MATERIAL FOR THIS EXERCISE:
·····

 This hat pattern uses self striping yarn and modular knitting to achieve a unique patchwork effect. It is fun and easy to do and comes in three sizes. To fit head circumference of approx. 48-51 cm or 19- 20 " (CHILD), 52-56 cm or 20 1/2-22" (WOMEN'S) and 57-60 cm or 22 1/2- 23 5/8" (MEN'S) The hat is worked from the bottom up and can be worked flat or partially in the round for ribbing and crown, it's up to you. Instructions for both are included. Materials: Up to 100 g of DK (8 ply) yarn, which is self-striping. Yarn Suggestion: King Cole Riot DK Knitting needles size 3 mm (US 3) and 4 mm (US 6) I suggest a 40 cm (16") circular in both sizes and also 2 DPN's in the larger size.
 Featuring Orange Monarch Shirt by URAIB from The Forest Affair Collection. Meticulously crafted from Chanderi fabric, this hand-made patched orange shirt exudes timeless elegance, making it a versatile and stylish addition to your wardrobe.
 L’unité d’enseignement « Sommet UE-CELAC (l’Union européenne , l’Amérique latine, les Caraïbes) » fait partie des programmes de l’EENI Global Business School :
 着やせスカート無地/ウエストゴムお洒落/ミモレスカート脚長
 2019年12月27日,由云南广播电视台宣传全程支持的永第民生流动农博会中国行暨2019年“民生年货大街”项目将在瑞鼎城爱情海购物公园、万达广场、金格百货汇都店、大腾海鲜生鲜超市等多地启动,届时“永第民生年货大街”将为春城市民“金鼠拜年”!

·····

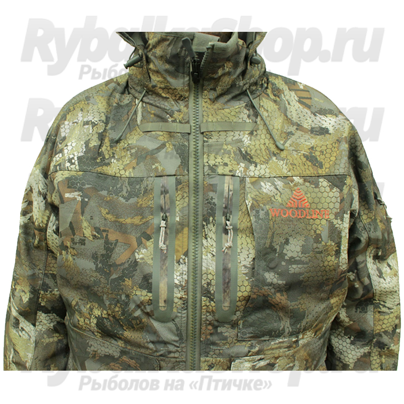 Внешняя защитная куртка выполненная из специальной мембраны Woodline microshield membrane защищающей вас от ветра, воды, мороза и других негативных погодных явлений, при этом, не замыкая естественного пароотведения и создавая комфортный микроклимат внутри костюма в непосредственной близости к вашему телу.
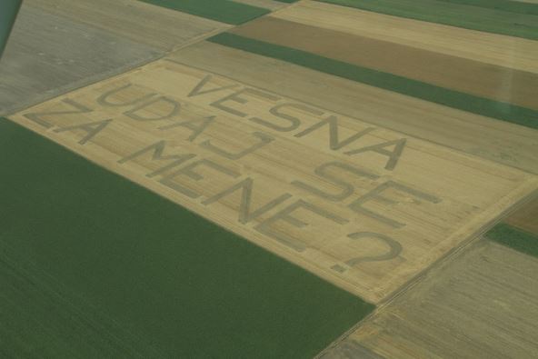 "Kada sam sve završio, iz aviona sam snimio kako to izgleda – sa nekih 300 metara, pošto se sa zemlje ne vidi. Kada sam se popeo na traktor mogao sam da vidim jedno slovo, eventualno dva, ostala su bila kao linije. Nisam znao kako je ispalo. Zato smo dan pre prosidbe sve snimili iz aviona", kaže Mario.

·····

WHAT TO DO: All lines above from the line with "Sommet UE-CELAC (l’Union" through the line with "2019年12月27日,由云", both included, are to be set down exactly, with nothing else.

TASK SOLUTION:
 L’unité d’enseignement « Sommet UE-CELAC (l’Union européenne , l’Amérique latine, les Caraïbes) » fait partie des programmes de l’EENI Global Business School :
 着やせスカート無地/ウエストゴムお洒落/ミモレスカート脚長
 2019年12月27日,由云南广播电视台宣传全程支持的永第民生流动农博会中国行暨2019年“民生年货大街”项目将在瑞鼎城爱情海购物公园、万达广场、金格百货汇都店、大腾海鲜生鲜超市等多地启动,届时“永第民生年货大街”将为春城市民“金鼠拜年”!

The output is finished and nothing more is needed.